Friday 10/06/2011 San Vicente do Grove to Muros

We motored for most of the morning yesterday through the lovely calm water that gave us such a good night’s sleep the night before, past lots of small fishing boats and seagulls fishing off the Isla de Salvora.

We passed the entrance to the Ria de Arosa and as we got closer to the Ria de Muros, the breeze picked up for the day and gave us a great sail into the ria through flat water, which means Planet sails fast and light and you can put a cup of coffee down anywhere without it falling over.

The anchorage off Muros itself looked perfect to sail into, so we got everything ready and did a couple of tacks in to clear the mussel rafts off the bay of Muros.

There were a couple of boats already anchored but Planet behaved herself perfectly, and we managed to sail in, drop the peak to scandalize the main and slow her down (the closest thing to braking under sail), anchor in a good spot with good holding, then by backing the main and doing a cheeky bit of stern-boarding reverse her to pay out the chain and set the anchor.

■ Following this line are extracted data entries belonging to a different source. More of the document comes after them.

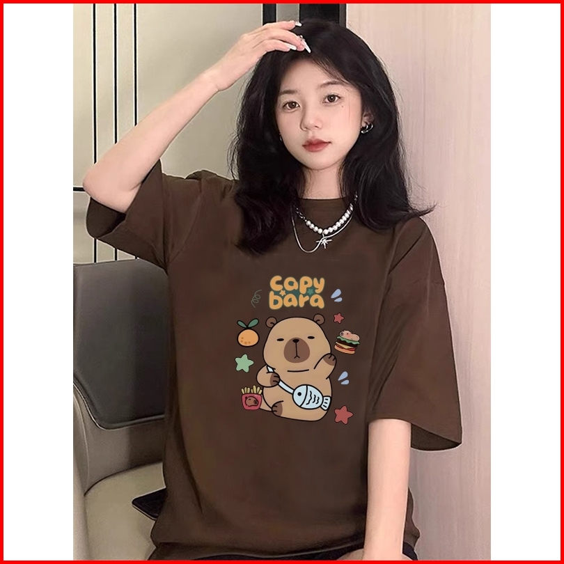Ihkke Kaos Oversize Wanita Korea Style Kartun Lucu Capybara Motif Printed Kaos Cream Import Premium Kaos Tebal Kaos Rema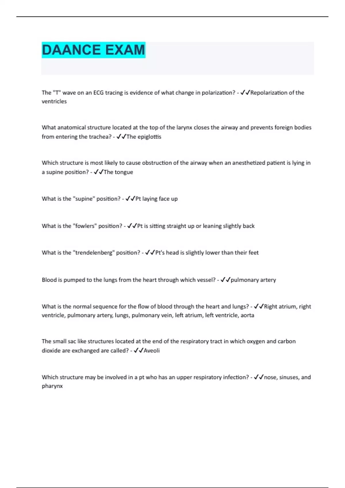 The "T" wave on an ECG tracing is evidence of what change in polarization? - Repolarization of the ventricles What anatomical structure located at the top of the larynx closes the airway and prevents foreign bodies from entering the trachea? - The epiglottis Which structure is most likely to cause obstruction of the airway when an anesthetized patient is lying in a supine position? - The tongue What is the "supine" position? - Pt laying face up What is the "fowlers" position? - Pt is sitting straight up or leaning slightly back What is the "trendelenberg" position? - Pt's head is slightly lower than their feet Blood is pumped to the lungs from the heart through which vessel? - pulmonary artery What is the normal sequence for the flow of blood through the heart and lungs? - Right atrium, right ventricle, pulmonary artery, lungs, pulmonary vein, left atrium, left ventricle, aorta The small sac like structures located at the end of the respiratory tract in which oxygen and carbon dioxide are exchanged are called? - Aveoli Which structure may be involved in a pt who has an upper respiratory infection? - nose, sinuses, and pharynx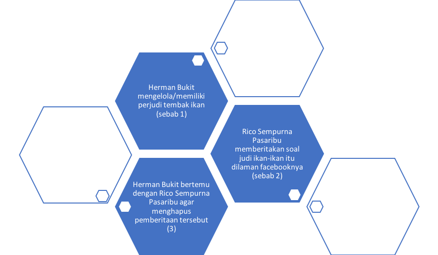 Hakim dalam pertimbangannya tidak merangkai fakta secara teratur dan sistematis, namun melompat-lompat. Peristiwa yang harusnya dirangkai adalah dimulai dari kepemilikan judi oleh Herman Bukit, postingan facebook yang dilakukan oleh korban Rico tentang kepemilikan judi tersebut, jika digambarkan sebagai berikut: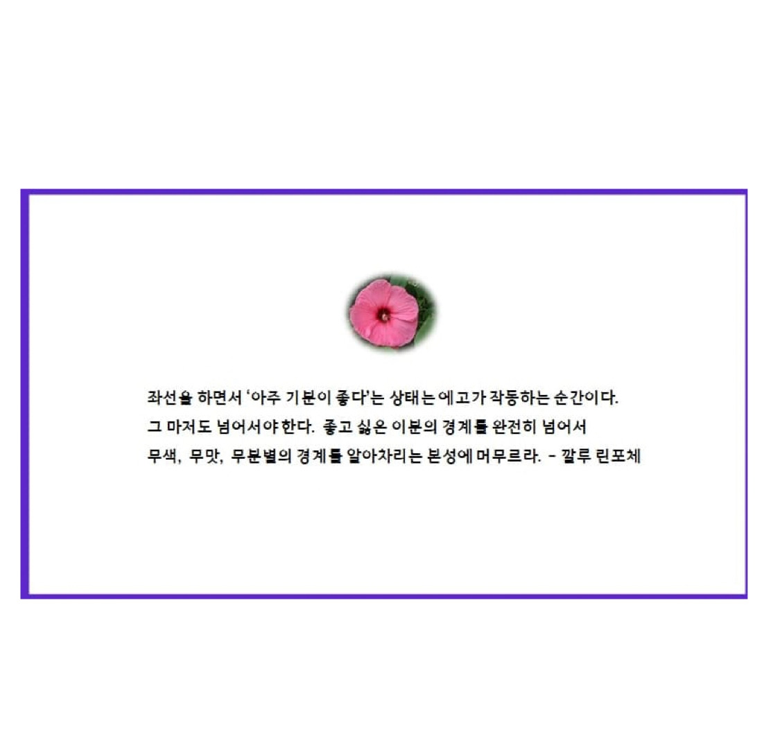 아직 갈 길은 멀지만 이런 기분을 느낄 수 있을 정도는 산란함이 많이 사라졌다는 점에서는 좋은 신호입니다. 중요한 것은 거기에 안주하지 말라는 겁니다. ‘이 기분 좋아.’ ‘지난 번엔 기분좋은 상태가 꽤 오래 지속되었는데’ ‘어떻게 했더라’ 이런 식으로 좋았던 경험에 안주하지 말라는 거죠.

Plus we managed to do it all without actually needing to say anything to each other or breaking into a sweat. Phew! We felt pretty pleased with ourselves and quickly sat ourselves down in the cockpit for a gin and tonic (we had run out of anything else to drink) trying to look as though we did this all the time. Even more happily, we discovered that one of the boats in the anchorage was flying a Cruising Association flag, so we quickly hoisted ours. We’d thought it might be better to wait until we were safely anchored, just in case it had gone horribly wrong….

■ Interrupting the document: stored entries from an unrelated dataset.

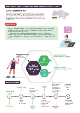 👉 Пропозиції можуть бути подані в електронній системі проведення конкурсу з дня опублікування оголошення до 23:00 24 січня 2025 року: http://grants.vzaemo.diia.gov.ua/.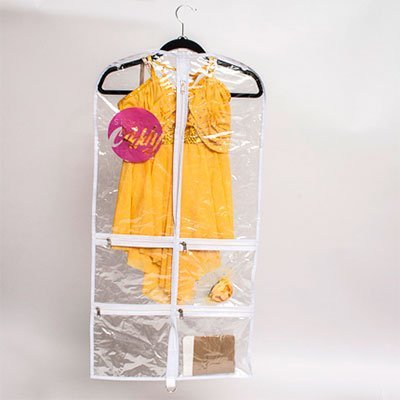 Bolsa de ropa para disfraz con bolsillos, ribete blanco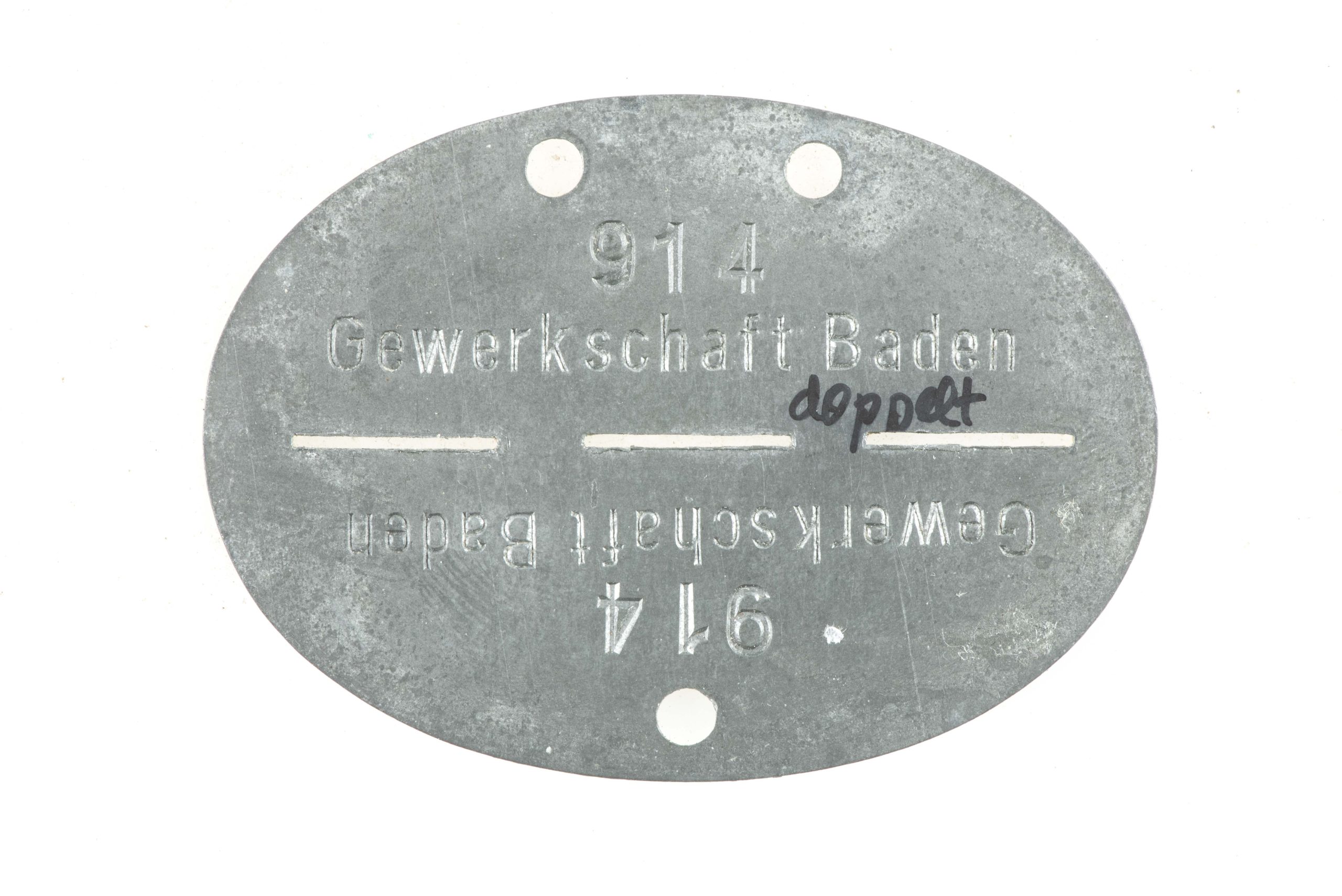 German ID disc or Erkennungsmarke marked Gewerkschaft Baden 914 or the Baden Trade union. Worn by a miner during the war in the shafts of Baden, Markgraf and Heitersheim. It would have been worn by a foreign labourer interned at the barracks camp. A lot of these ’employees’ would have been forced to work at the Westwall and later drafted in the Volkssturm. A rare example!

We’ve spent the day in Muros today, as the wind is still from the north and so not ideal for trying to get round Finisterre. But the forecast looks good for tomorrow, and there is even an exciting rumour of south westerly winds over the next few days, which would be amazing, so fingers crossed. There’s a great market here in Muros, which is the prettiest ria we’ve seen so far.

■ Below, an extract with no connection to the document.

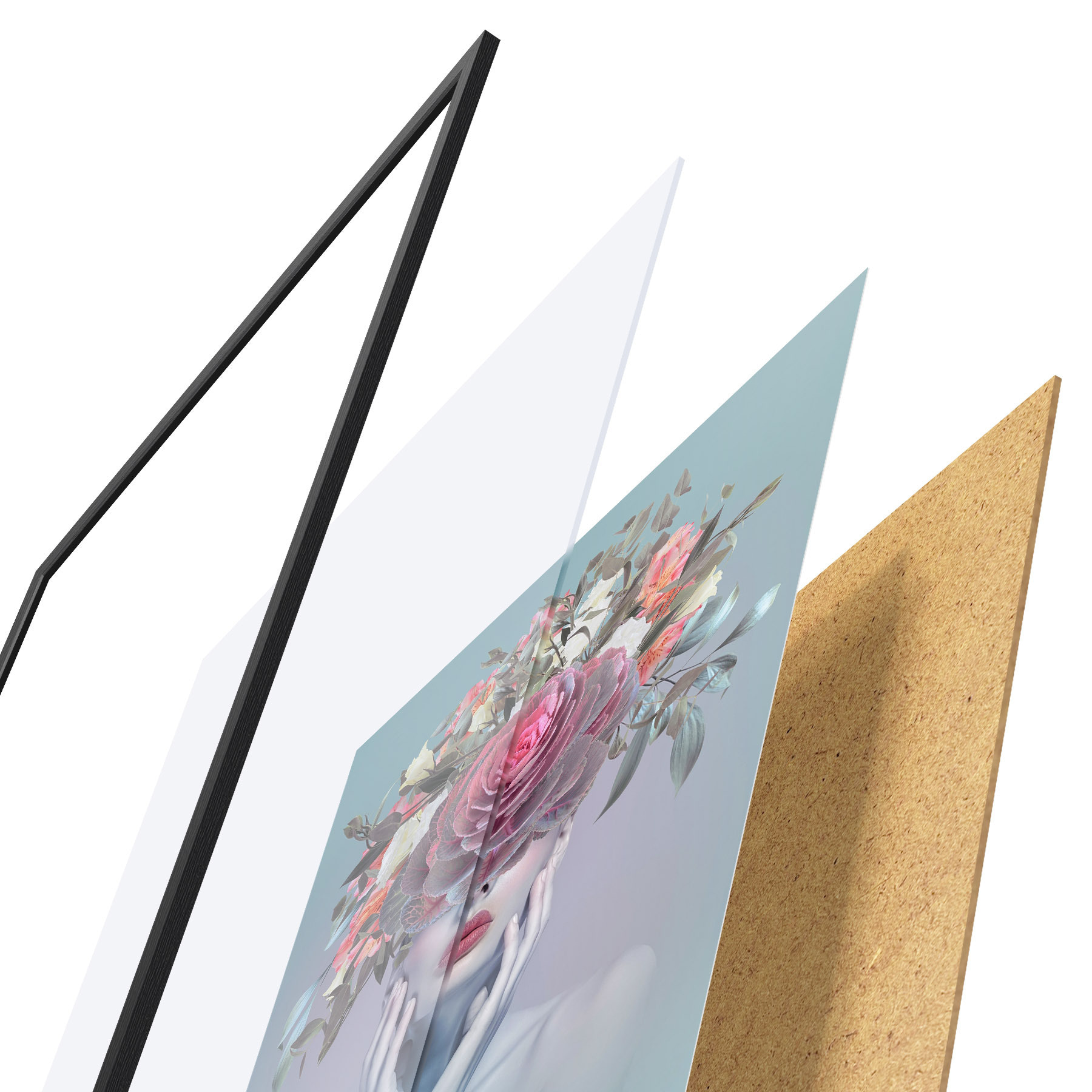 Plakatą sudaro rėmas, pleksiklas, atspausdintas vaizdas ir medžio drožlių plokštės pagrindas. Plakatą galima iš karto pakabinti ant sienos dėl kitoje pusėje esančių laikiklių.

Everyone says it reminds them of Scotland, but as ridiculously I’ve never been there I couldn’t say. Although if Scotland is as lovely as here, I’m going. We also needed fuel, and after seeing the big Repsol sign in the harbour on our way in we were pretty hopeful. The pilot book seemed to corroborate this. However, it would appear that they are building a new marina in Muros harbour. The pontoons are there, although there are no cleats, and the fuel quay is there too, but it is not actually finished yet. I should think it’ll be great place once it is though.

So instead we grabbed a couple of cans and asked a group of old men sitting outside one of the café bars on the front smoking and drinking beer, who looked like they would know. They directed us to the other side of the bay, where the nearest road petrol station is. So we got back in Satellite and motored across to the beach opposite the anchorage and landed there. I stepped out and saw another old man on his bicycle up by the road waving and shouting at us.

Assuming we’d landed on someone’s private beach, and were being evicted I went up to speak to him. Are you German? he shouted. No. He nodded. It is too far from here. What is? How do you know where we’re going? Go over there, under the bridge, then it’s on your right. OK. So we go under the bridge? To get to the… Petrol station. That’s where you’re going isn’t it? I smiled and we thanked him and headed off again under the incredibly low bridge that you had to shoot lying down Bond style to get to the small beach the other side two minutes walk from the petrol station. What a legend. Muros is evidently a small place.

 

We spent the rest of the day doing some shopping and getting little jobs done on Planet, then had a lovely evening on our neighbours’ boat who kindly invited us over for a drink. They’re off in the other direction to us and have let us know about one or two good places around the dreaded corner that is Finisterre. We could happily stay longer here, but we’re planning to make a reasonably early start and head round to the Ria de Camariñas tomorrow. Here’s hoping we’ve got the forecast right and Finisterre will be as anticlimactic as the other great capes and straits we have passed through so far trouble free.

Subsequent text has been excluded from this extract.